▶ _Problem_
Nothing but the lines from the first line of the entries through the line with "James Monroe 13, PikeView 3 (5 innings)" should appear in the answer, transcribed exactly and free of pictures.
Input records section start
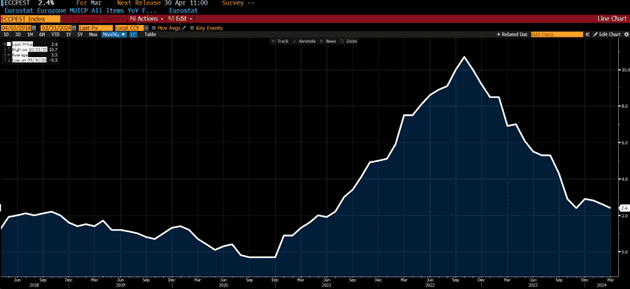 European inflation is soon fully under control. Below is Eurozone inflation including data from April 3 which showed 2.4% against an expected 2.5%. Are you awake ECB?
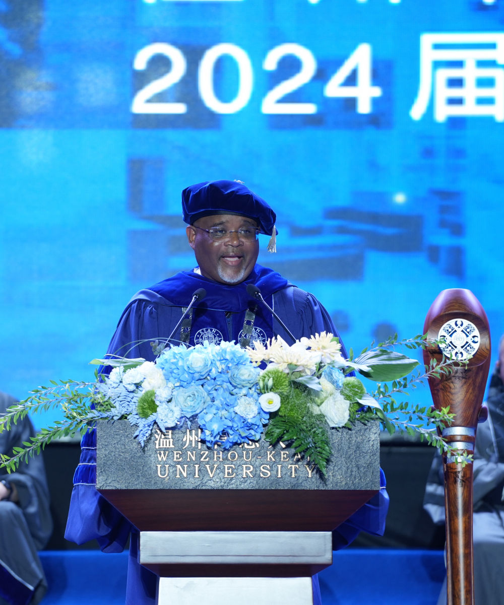 6月7日,美國(guó)肯恩大學(xué)校長(zhǎng)拉蒙·雷波列特在溫州肯恩大學(xué)畢業(yè)典禮上致辭。(受訪(fǎng)者供圖)
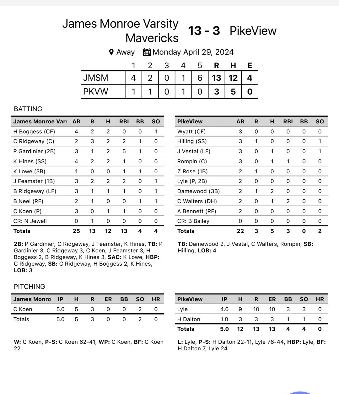 James Monroe 13, PikeView 3 (5 innings)
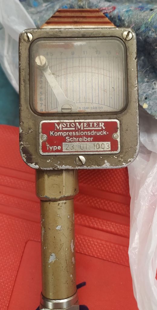 Gerade eben habe ich Kompression gemessen und völlig verschiedene Werte bekommen. Also Motor war noch vom Heimweg relativ heiß, Kerzen raus und starten. Dafür hatte ich mir ein (Billig)Gerät (39Euro) im Netz gekauft und von einem Kumpel einen alten Schreiber von Motometer (werden viele Ältere noch kennen) geliehen. Den Motometer-schreiber kenne ich noch aus meiner Lehrzeit
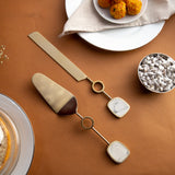 Adding glamour and style to your dining table is simple with these sleek cake serving set. The Kelly set features stonedust at the ends of the handles for a sleek look.
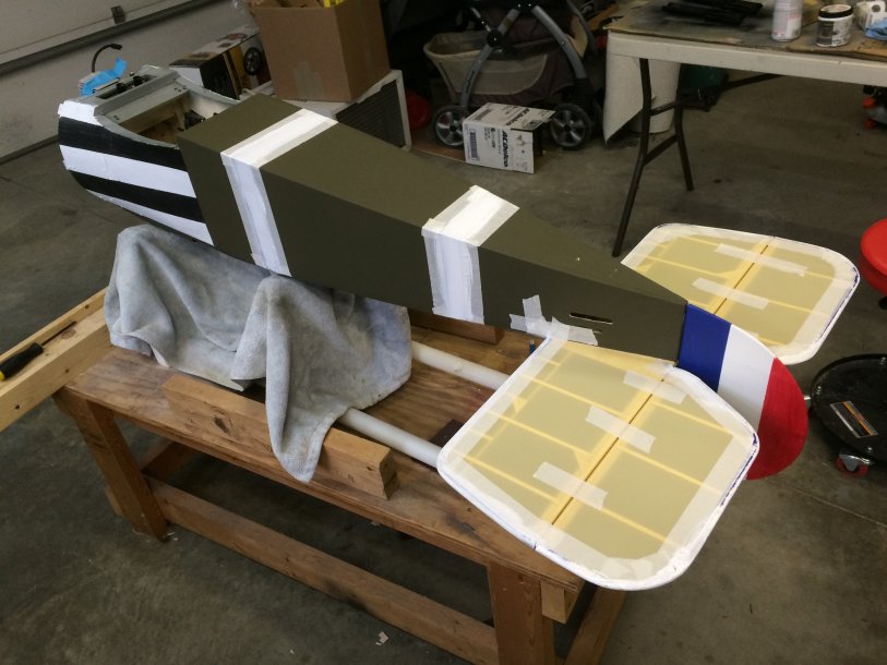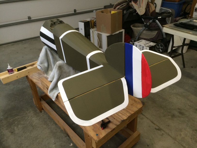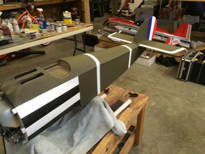 I'm in painting mode but don't have stencils. So I started hooking up the tail servos and installed the bracing wires on the tail. Found 2 problems along the way. The Ruder warped and it's real flexible.I'll have to un cover it and check it out. Hope I don't have to make a new one. The other problem is with clearance for the muffler. THere isn't enough. I'll have to decide what to do with that after I fix the ruder.
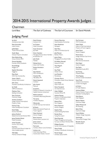 Peter Bolton-King Group Director, RICS Doreen Boulding Founder, DMB Consultants Russell Bragg Bragg & Co Stephen Brownless Gaggenau Peter Bush CEO, New Swansea Bay Xavier Calloc’h Director, Yacht Investor John Cetra Architect, CetraRuddy Architecture Ian Chalk ORMS Architecture Matthew Clare Building Consultant Sean Cochrane Cochrane Design Andrew Cockburn Design Director, International Property Media Katrina Craig Hotel Development Consultant David Dalby Former CEO, RICS Johnny Dunford Global Commercial Director, RICS James Dunford-Wood Hotel Consultant Imtiaz Farookhi Former CEO, NHBC Fred Finn Guinness World Record holder for most travelled person Will Gibbs MD, KLC School of Design
Input records section end
▶ _Exercise solution_
 European inflation is soon fully under control. Below is Eurozone inflation including data from April 3 which showed 2.4% against an expected 2.5%. Are you awake ECB?
 6月7日,美國(guó)肯恩大學(xué)校長(zhǎng)拉蒙·雷波列特在溫州肯恩大學(xué)畢業(yè)典禮上致辭。(受訪(fǎng)者供圖)
 James Monroe 13, PikeView 3 (5 innings)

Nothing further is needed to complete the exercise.